WORK TASK — Without any pictures, reproduce exactly the lines running from the line containing "2. Обмокни губку" through the end of the entries.

DATASET EXCERPTS —
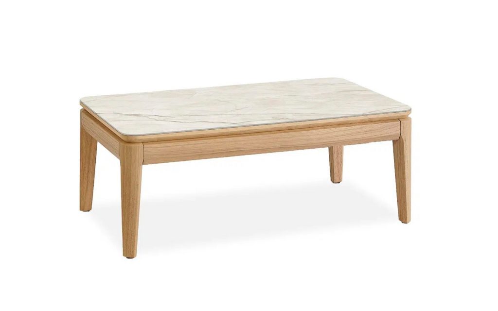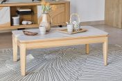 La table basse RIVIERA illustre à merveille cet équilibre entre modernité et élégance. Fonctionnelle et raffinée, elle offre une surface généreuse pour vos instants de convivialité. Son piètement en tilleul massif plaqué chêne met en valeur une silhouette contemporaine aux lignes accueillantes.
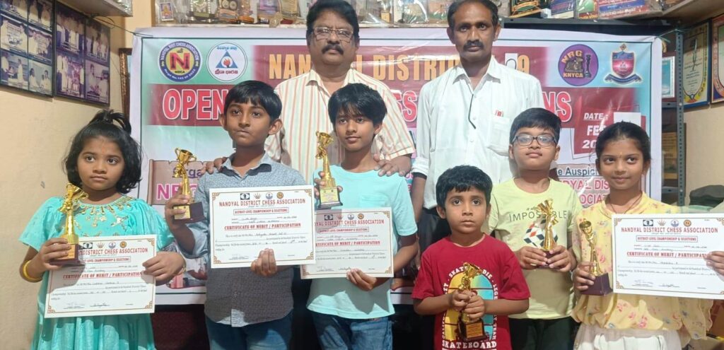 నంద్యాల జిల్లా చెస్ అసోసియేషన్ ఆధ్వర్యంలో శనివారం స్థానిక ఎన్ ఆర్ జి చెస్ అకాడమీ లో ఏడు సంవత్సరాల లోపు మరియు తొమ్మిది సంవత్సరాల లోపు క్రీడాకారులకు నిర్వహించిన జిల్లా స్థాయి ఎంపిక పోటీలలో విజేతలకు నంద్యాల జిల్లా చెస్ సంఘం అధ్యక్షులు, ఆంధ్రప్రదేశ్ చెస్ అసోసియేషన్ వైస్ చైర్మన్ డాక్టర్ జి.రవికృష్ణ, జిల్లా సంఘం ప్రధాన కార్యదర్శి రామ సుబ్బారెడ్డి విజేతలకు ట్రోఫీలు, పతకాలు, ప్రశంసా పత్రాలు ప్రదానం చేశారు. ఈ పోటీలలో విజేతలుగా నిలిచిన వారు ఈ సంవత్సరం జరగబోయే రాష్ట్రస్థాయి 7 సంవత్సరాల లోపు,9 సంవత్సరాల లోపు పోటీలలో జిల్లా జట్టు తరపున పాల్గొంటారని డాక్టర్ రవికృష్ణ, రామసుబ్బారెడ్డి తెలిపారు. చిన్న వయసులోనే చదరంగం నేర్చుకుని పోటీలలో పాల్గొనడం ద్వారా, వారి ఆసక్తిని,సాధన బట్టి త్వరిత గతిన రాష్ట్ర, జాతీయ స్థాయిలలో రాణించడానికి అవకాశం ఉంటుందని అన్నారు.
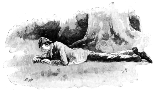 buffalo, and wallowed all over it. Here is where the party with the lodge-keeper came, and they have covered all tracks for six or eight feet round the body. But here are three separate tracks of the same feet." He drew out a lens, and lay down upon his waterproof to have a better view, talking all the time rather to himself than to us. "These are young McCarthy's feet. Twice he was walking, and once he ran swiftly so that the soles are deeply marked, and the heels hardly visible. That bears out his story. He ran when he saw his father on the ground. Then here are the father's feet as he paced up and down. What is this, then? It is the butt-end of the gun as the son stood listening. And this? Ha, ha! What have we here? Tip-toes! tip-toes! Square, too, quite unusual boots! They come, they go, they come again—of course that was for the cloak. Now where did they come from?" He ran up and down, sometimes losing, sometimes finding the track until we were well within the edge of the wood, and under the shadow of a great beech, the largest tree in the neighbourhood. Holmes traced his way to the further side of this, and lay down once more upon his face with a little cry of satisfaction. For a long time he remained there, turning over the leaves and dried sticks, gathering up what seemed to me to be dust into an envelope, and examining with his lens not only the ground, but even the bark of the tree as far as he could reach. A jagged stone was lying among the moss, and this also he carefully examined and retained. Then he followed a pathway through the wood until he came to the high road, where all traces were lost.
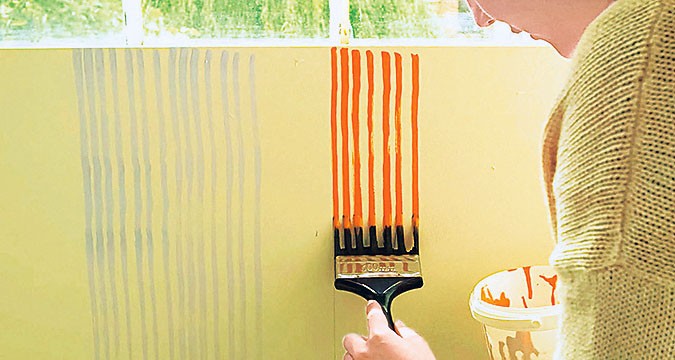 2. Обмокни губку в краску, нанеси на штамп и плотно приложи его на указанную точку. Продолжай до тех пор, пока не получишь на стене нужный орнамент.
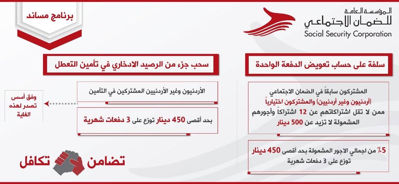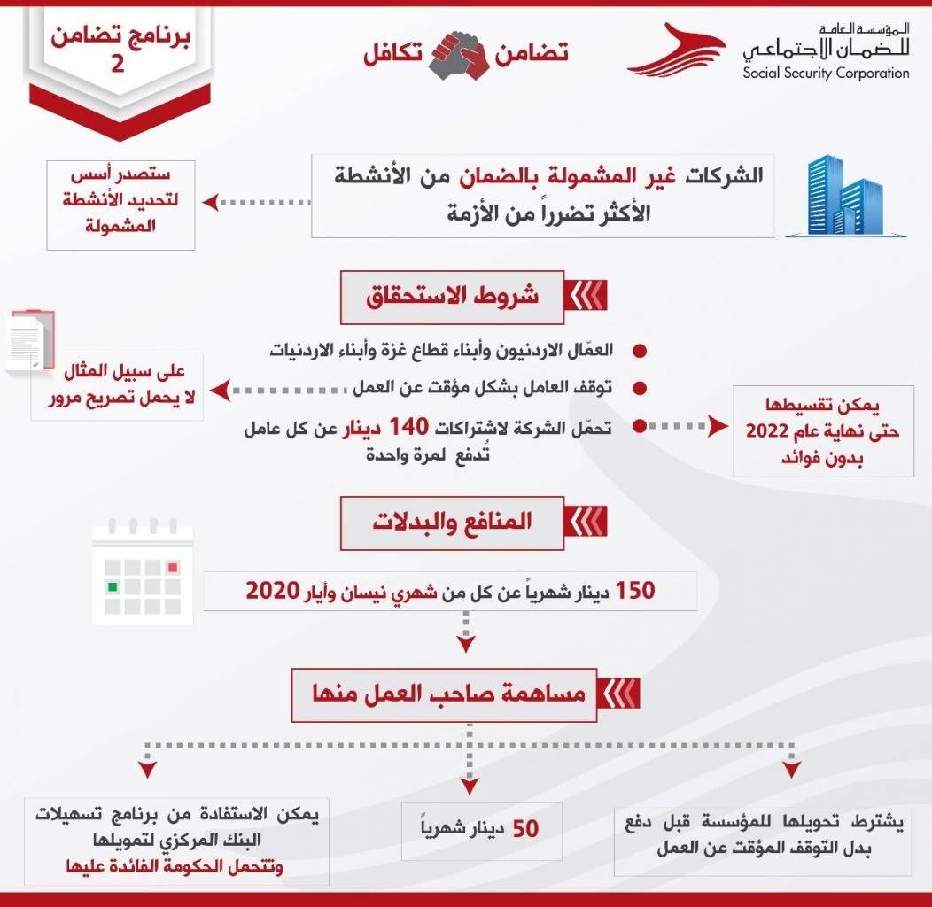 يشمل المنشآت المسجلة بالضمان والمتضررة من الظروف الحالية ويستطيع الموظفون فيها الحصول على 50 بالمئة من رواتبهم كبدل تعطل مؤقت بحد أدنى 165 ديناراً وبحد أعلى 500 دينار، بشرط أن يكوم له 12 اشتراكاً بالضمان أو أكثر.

SOLUTION —
 2. Обмокни губку в краску, нанеси на штамп и плотно приложи его на указанную точку. Продолжай до тех пор, пока не получишь на стене нужный орнамент.
 يشمل المنشآت المسجلة بالضمان والمتضررة من الظروف الحالية ويستطيع الموظفون فيها الحصول على 50 بالمئة من رواتبهم كبدل تعطل مؤقت بحد أدنى 165 ديناراً وبحد أعلى 500 دينار، بشرط أن يكوم له 12 اشتراكاً بالضمان أو أكثر.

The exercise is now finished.